> **Data provided**:
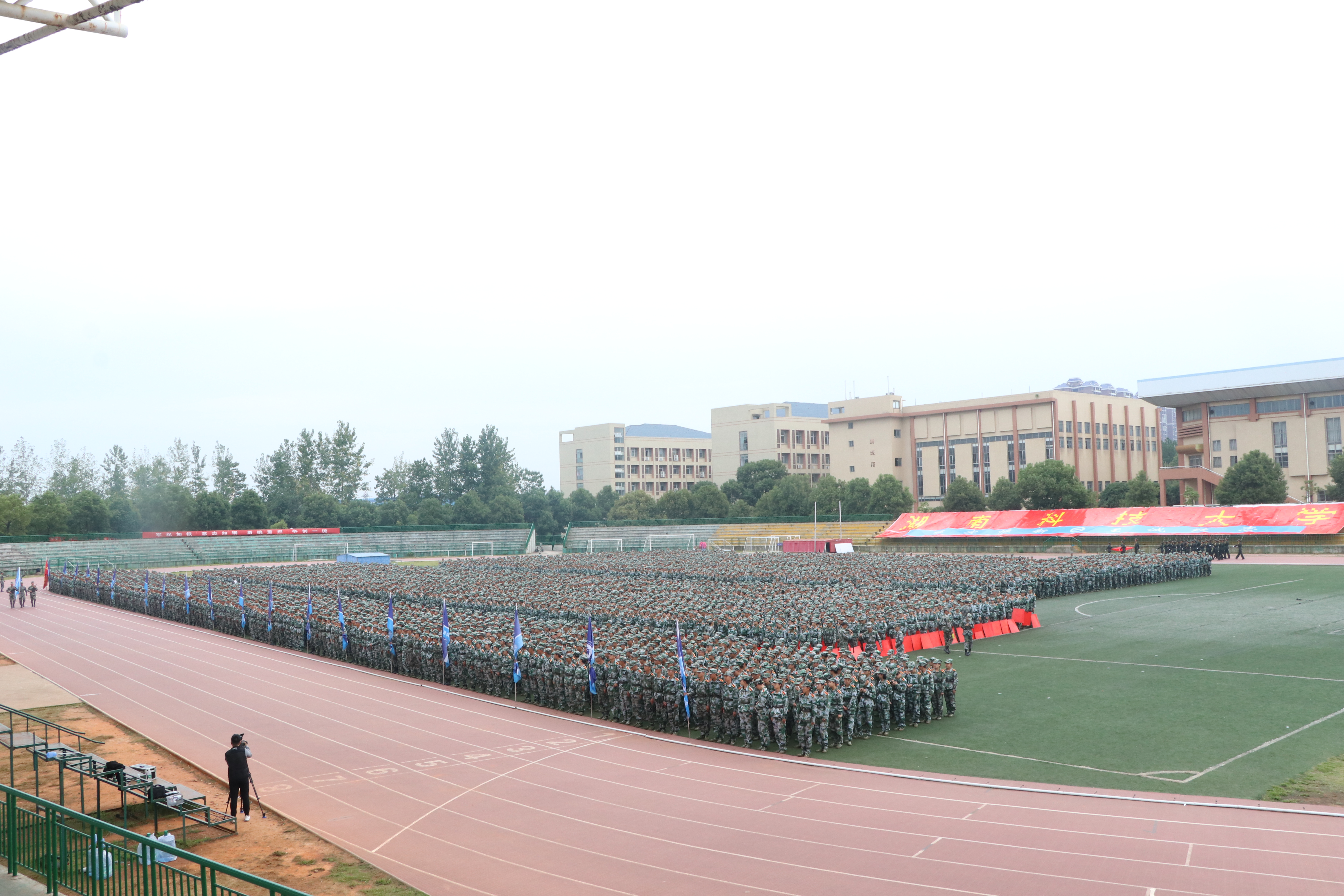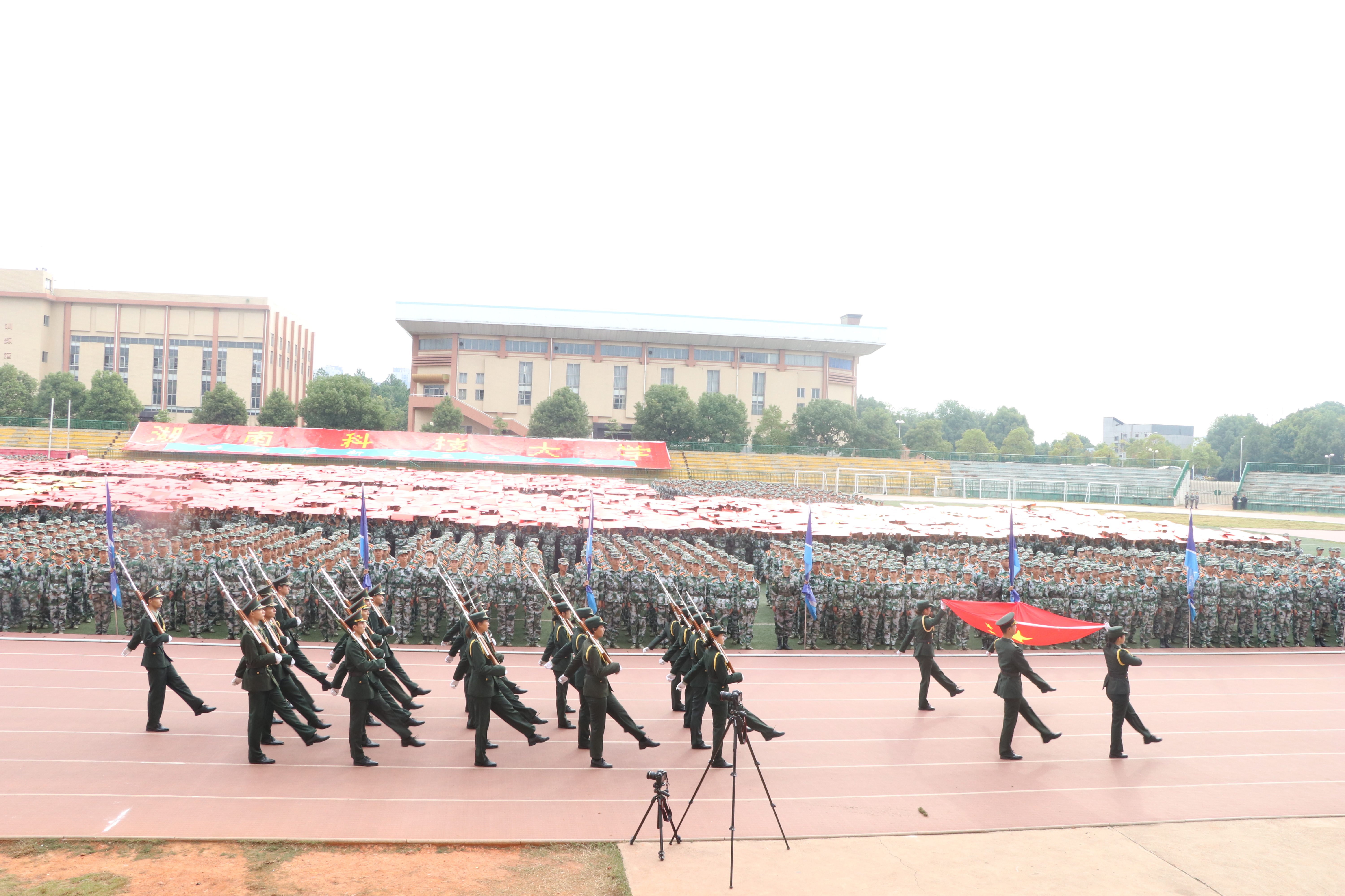 10月13日上午8:30,在北区田径场进行了2018级学生军训检阅暨总结表彰大会,到场的有校长李伯超,副校长胡石其、周飞跃、刘友金、廖湘岳,机关、直属单位负责人,各学院书记、院长、副书记,2018级学生辅导员、班主任以及全体学生。
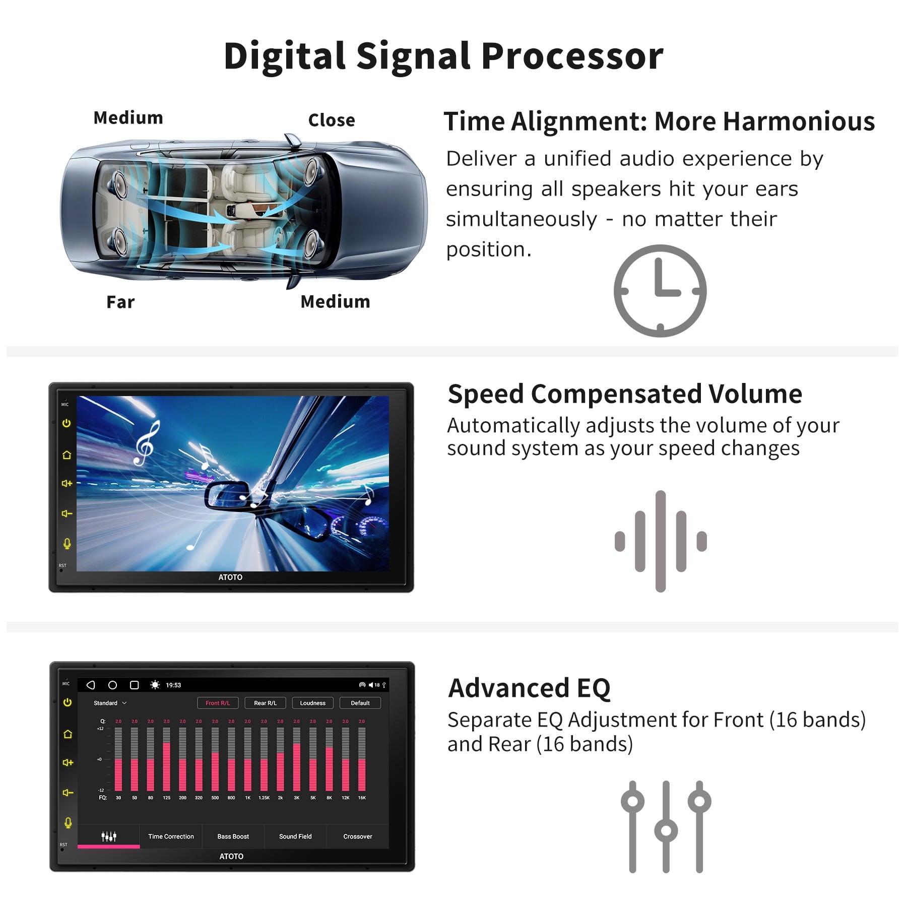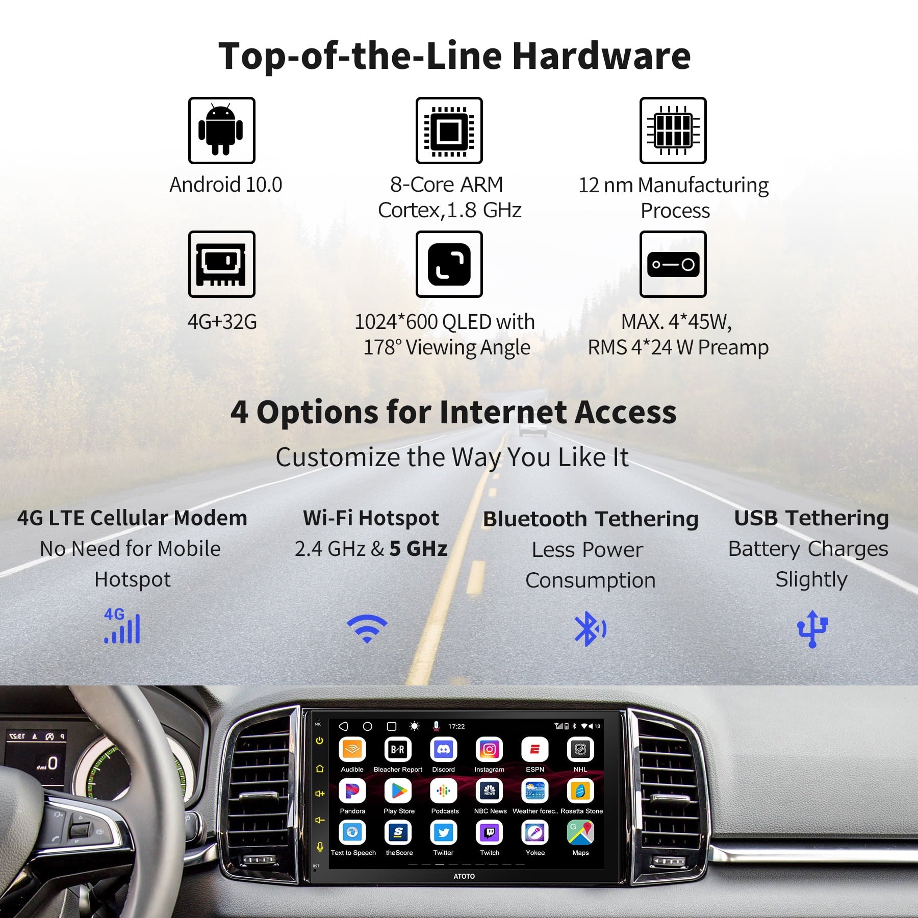 - The 178° full-viewing angle QLED display enhances contrast for an exceptional viewing experience, even in daylight. Pre-installed TrackHU, ATOTO’s exclusive GPS tracking app for real-time tracking with a 15-second refresh rate, OsmAnd’s 4-satellite positioning, track playback with detailed reports, and instant geofence alerts.
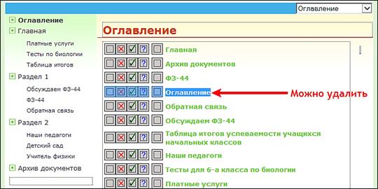 В результате добавится список названий страниц с чекбоксами | |
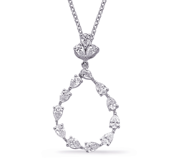 14K White Gold Double Strand Teardrop Diamond Necklace
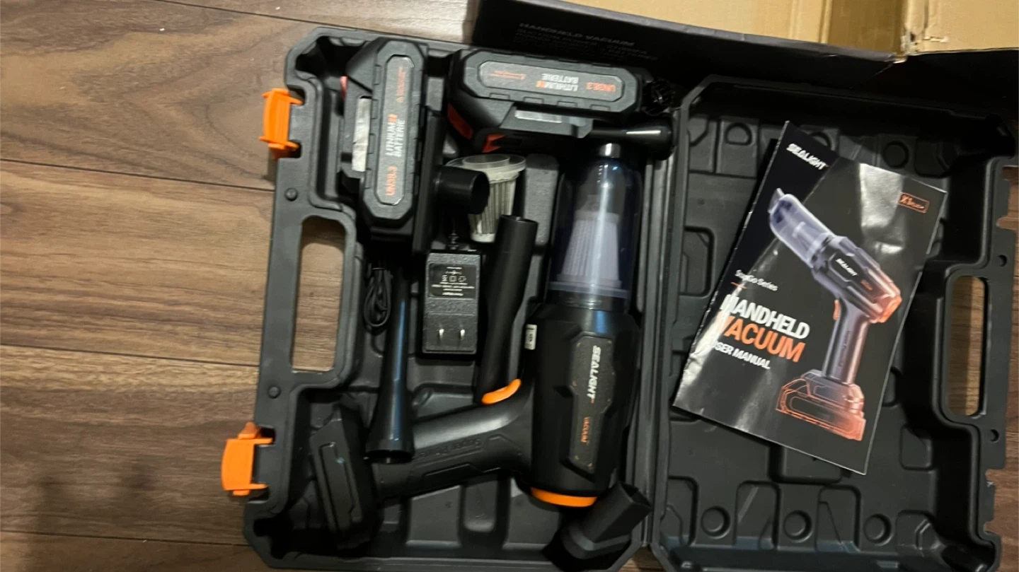 BRAND NEW NEVER USED This SEALIGHT X1plus+ handheld vacuum comes with two batteries. It's a cordless, brushless model for convenient cleaning. Includes original case and manual. Comes with charger for battery’s
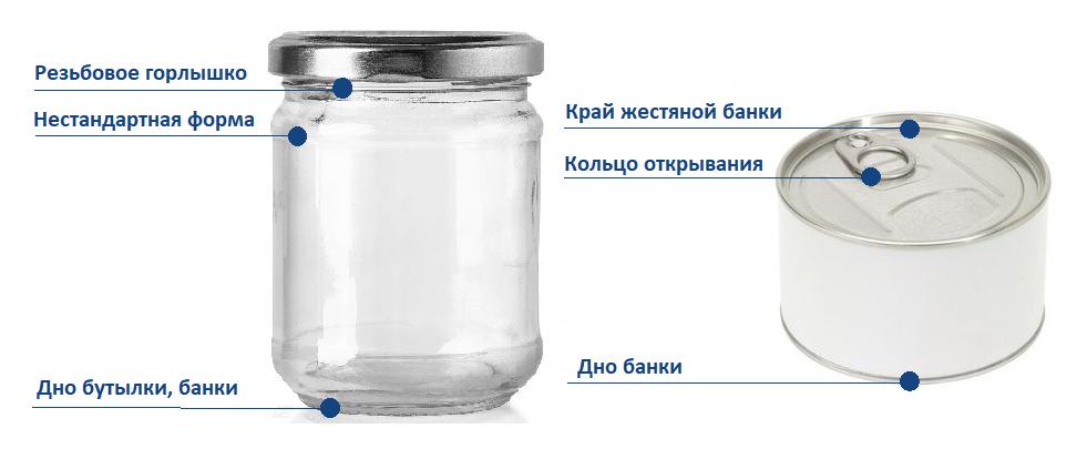 Система гарантирует обнаружение посторонних включений в зонах, недоступных для стандартного рентген-контроля. К таким зонам относятся дно стеклянных/металлических банок и бутылок, область крышек, колец для открывания, стенки и горлышко тары. Именно в этих местах традиционные системы контроля часто демонстрируют ложные срабатывания и пропуски.
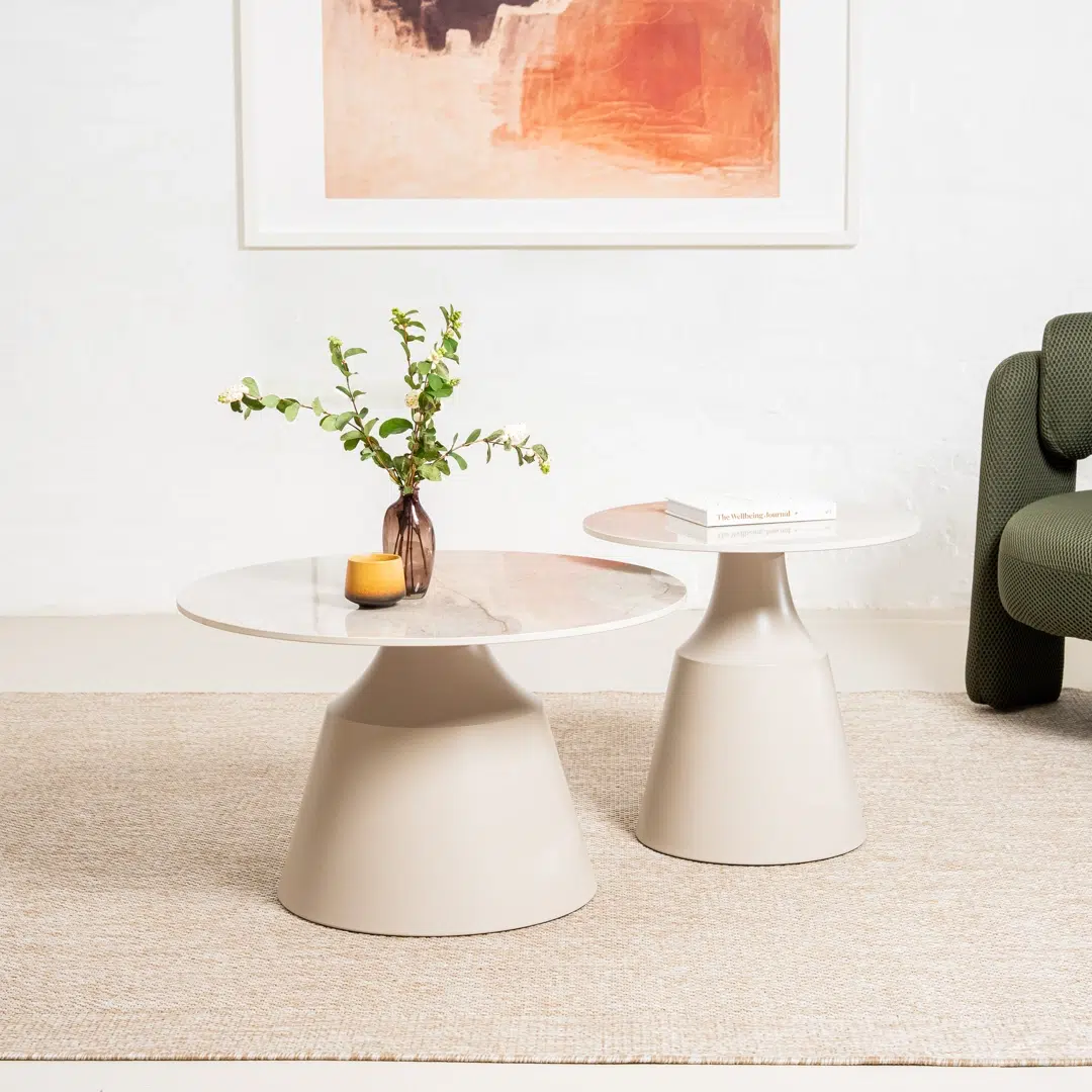 The Sahara Coffee Nest brings warmth and style to contemporary interiors. Its natural ceramic top features subtle textures and a marble-inspired finish, creating an inviting surface that complements a range of décor styles.
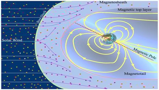 As depicted in Figure 9, the Earth is impacted by a significant influx of high-energy particles generated by solar activity. Owing to the presence of the Earth’s magnetic field, the trajectories of these particles are bent and diverted away from the Earth []. The particles interacting with the Earth’s magnetic field cause short-term effects. Solar activity’s complexity and irregularity lead to the intricate and variable diurnal variations in the geomagnetic field.
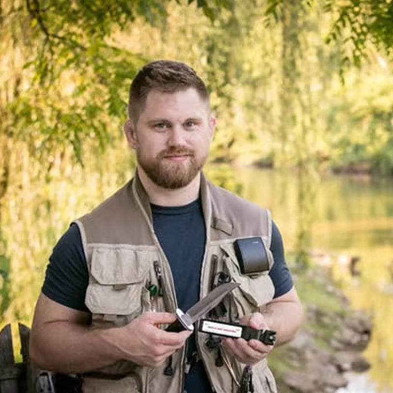 PORTABLE AND EASY TO STORE: Its compact and lightweight design makes it ideal for home use, outdoor barbecues, or travel, allowing you to maintain your knife's sharpness anytime, anywhere.
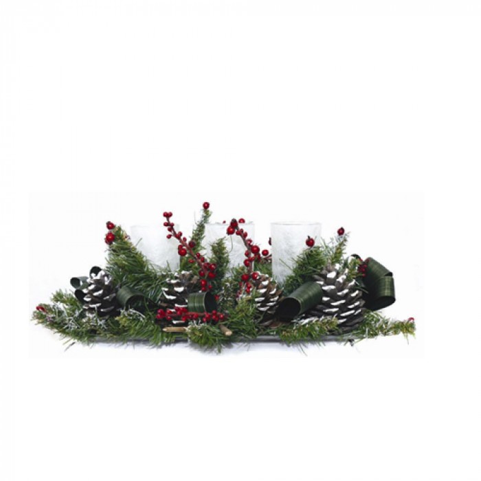 Коледна аранжировка елхови клонки и 3 свещи
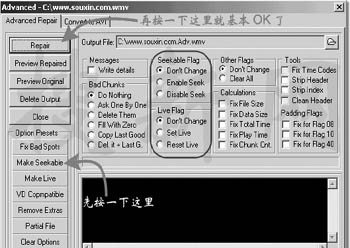 此时大家只需要再按一下Make Seekable按钮和Repair按钮,一会儿你就可以得到一个可以拖放的ASF或WMV文件了。不难看出在这个窗口里面还有很多ASF文件的状态标志值可以修改,如果你的ASF还有其他一些问题的话,也可以一并选上然后修复 如何,修复,破损,的,流,媒体文件,

> **Exercise description**: Beginning with the line that holds "Коледна аранжировка елхови клонки и 3 свещи", output each line to the end of the material above, exactly, omitting the pictures.

> **Exercise output**:
 Коледна аранжировка елхови клонки и 3 свещи
 此时大家只需要再按一下Make Seekable按钮和Repair按钮,一会儿你就可以得到一个可以拖放的ASF或WMV文件了。不难看出在这个窗口里面还有很多ASF文件的状态标志值可以修改,如果你的ASF还有其他一些问题的话,也可以一并选上然后修复 如何,修复,破损,的,流,媒体文件,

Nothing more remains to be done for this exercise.